It was midnight. My husband covered it with a towel, and we went to sleep. At 2 a.m., the door burst open. The Airbnb owner stormed in, furious, screaming, “You idiots, this is a…
…fire alarm!“
My husband and I sat up in bed, blinking like deer caught in headlights. The owner, a man in his late fifties with graying hair and a Hawaiian-print shirt that looked wildly out of place given the situation, stood in the doorway, panting. His eyes darted between us and the towel-covered device.
“Do you have any idea what you’ve done?!” he continued, his voice a mix of panic and exhaustion.
I looked at my husband, who was still processing everything. “Wait, what?” I managed to say.
The owner groaned and marched over to the wall.

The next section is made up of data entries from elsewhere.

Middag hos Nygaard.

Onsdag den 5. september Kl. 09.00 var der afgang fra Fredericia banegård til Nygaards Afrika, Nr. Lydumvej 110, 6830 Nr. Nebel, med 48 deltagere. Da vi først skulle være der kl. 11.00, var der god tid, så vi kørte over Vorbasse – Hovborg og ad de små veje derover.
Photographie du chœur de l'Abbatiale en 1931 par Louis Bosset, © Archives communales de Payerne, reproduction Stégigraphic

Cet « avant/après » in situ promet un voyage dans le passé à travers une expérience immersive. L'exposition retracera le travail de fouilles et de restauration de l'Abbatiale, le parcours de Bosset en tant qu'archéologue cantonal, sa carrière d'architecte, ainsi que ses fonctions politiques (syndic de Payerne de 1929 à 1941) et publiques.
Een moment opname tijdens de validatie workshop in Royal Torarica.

He yanked the towel off, revealing… well, not a camera. Instead, it was a round, white fire alarm with a small blinking light.
“This is not some spy camera!” he hissed. “It’s a smoke detector! A legal requirement for rental properties! You covered it, and the system automatically alerted me to a malfunction.”

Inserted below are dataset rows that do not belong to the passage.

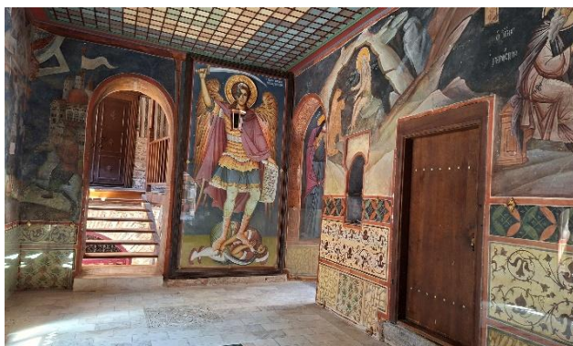
Stenske poslikave hodnika grškega samostana Dohiar s sliko sv. nadangela Mihaela, ki stoji na premaganem napadalcu, po končanem turškem plenjenju v 16. stoletju.

Na Atosu danes živi približno 2000 menihov iz različnih pravoslavnih držav – iz Grčije, Romunije, Moldavije, Gruzije, Bolgarije, Srbije, Rusije in drugih. Živijo v strogi askezi, odmaknjeni od zunanega sveta, v ritmu molitve, dela in bogoslužja. Na polotoku je dvajset velikih samostanov, ki hranijo izjemno bogate zbirke rokopisov, starih knjig, ikon in umetnin neprecenljive zgodovinske vrednosti. Od leta 1988 je Atos uvrščen tudi na Unescov seznam svetovne dediščine. Posebnost je tudi njegova upravna ureditev: čeprav je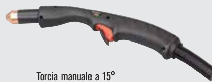
Torcia manuale a 15°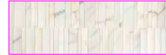
PLACID CALACATTA SLOW MATT RECT. 40X120 / 16"X48" L26/M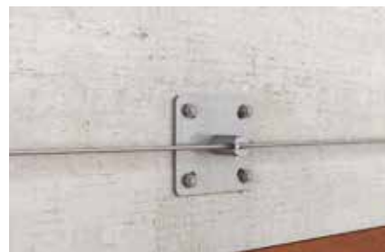
Linea flessibile verticale su parete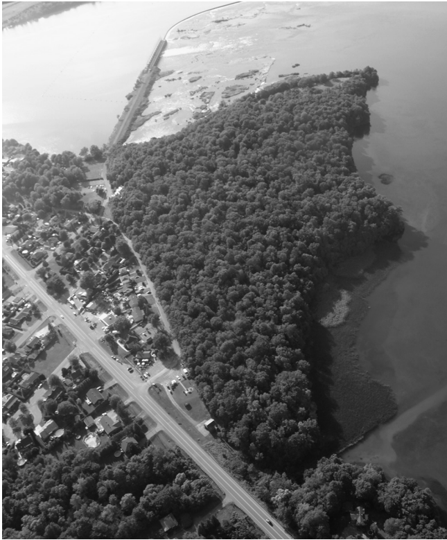
Vue aérienne de Pointe-du-Buisson, Beauharnois, 2011

l'effervescence intellectuelle du moment. Replaçons-nous dès lors dans ce contexte d'ébullition collective! Le Québec d'alors en est un de remise en question et d'éclatement des dogmes jusqu'alors imposés par la religion et par l'Église. Toute cette agitation sociale autour de la Révolution tranquille témoigne de l'énergie dans laquelle baigne cette génération de jeunes adultes, et surtout elle témoigne d'un réel désir d'affirmation nationale et culturelle, précurseur de la volonté d'une souveraineté politique totale du Québec, une souveraineté qui se veut une condition indispensable au développement des ressources humaines, physiques et économiques de la collectivité québécoise.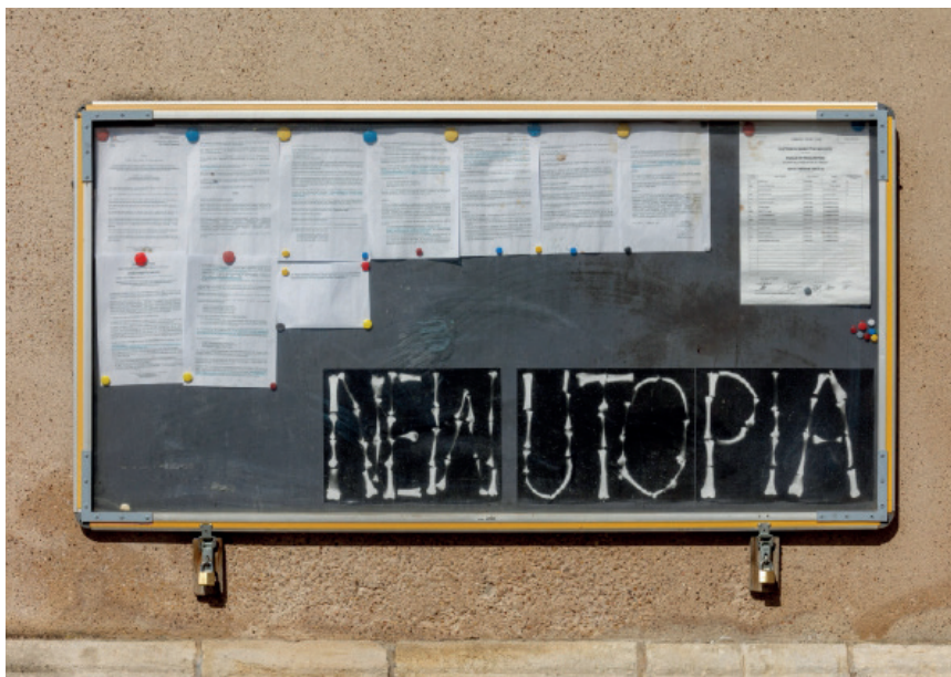
Gina Folly, NEW UTOPIA , 2021, photographes d'os d'animaux et panneau d'affichage verrouillé en aluminium.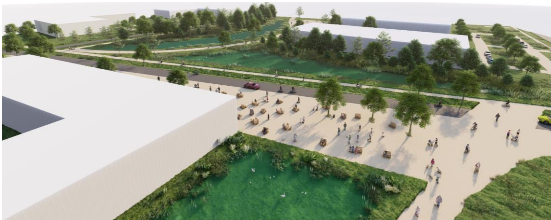
Figure 5 : Vue de l'espace restauration/détente

Afin de compléter cette offre un large espace est dédié aux services à offrir au Sud du parc. Il pourrait accueillir un ou des établissements de restauration, de détente type spa, ou d'activité sportive type paddle. Non seulement à disposition des entreprises locales, il permet de faire rentrer la ville dans le parc.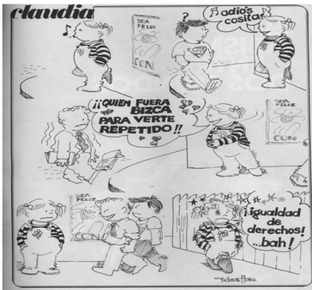
Todas , Año II, N° 3, 1980, p. 25.

daban cuenta de conflictos específicos y coyunturales que afectaban a las mujeres como, por ejemplo, la problemática del gremio bancario y, específicamente, el cierre del BIR. 48 Así, Todas acabó por entroncar con una línea de intervención asimilable al tenor que la organización le imprimió a otro tipo de iniciativas tales como los boletines sindicales o el periódico partidario lo que, puede esgrimirse, correspondió también a un viraje en la política más general del partido en lo relativo a las mujeres y al diálogo con los feminismos.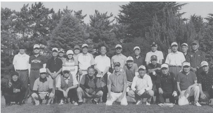
第60回記念ゴルフコンペ (熊谷ゴルフクラブにて)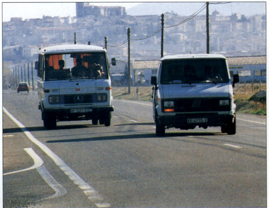
El retorno al carril derecho deberá ser gradual para no modificar la velocidad ni la trayectoria del vehículo adelantado

En cuanto a la separación lateral mínima que debemos dejar al adelantar a vehículos de dos ruedas, peatones y vehículos de tracción animal, el código de la circulación establece un metro y medio, que con vendrá aumentar siempre, si la vía y el tráfico lo permiten. Para el resto de vehículos,

I opened my mouth, then closed it. Then opened it again. “Okay, but—” I started.
“But what?” the owner snapped. “You thought I was watching you sleep? Why would I want to do that?!”

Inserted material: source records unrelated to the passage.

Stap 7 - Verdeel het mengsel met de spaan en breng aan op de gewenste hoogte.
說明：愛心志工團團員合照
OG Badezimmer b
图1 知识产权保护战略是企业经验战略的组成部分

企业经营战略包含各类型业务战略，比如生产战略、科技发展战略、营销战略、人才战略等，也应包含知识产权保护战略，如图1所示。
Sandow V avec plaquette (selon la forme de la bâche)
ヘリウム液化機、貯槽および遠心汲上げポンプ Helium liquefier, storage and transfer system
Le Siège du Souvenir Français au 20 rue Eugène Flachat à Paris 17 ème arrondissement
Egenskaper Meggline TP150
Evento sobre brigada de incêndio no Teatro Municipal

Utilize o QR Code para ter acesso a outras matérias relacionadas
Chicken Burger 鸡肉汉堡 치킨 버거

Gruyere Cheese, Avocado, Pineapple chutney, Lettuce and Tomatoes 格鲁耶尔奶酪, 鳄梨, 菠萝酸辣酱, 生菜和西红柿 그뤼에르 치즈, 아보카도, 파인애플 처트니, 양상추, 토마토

I winced. “Well, when you put it like that…”
My husband finally found his voice. “To be fair,” he said slowly, “it was blinking. And it looked suspicious.”
The owner let out a sharp laugh. “It blinks because it’s working. You know what would be suspicious? If it didn’t blink!“
That actually made sense.
A painful silence settled in the room. I could feel my face burning with embarrassment.
We panicked over a “hidden camera” in our Airbnb—only to realize it was just a smoke detector. The owner? Furious. Turns out, covering it triggered an emergency alert, dragging him out of bed at 2 a.m. Lesson learned: paranoia makes fools of us all. And yes, we apologized.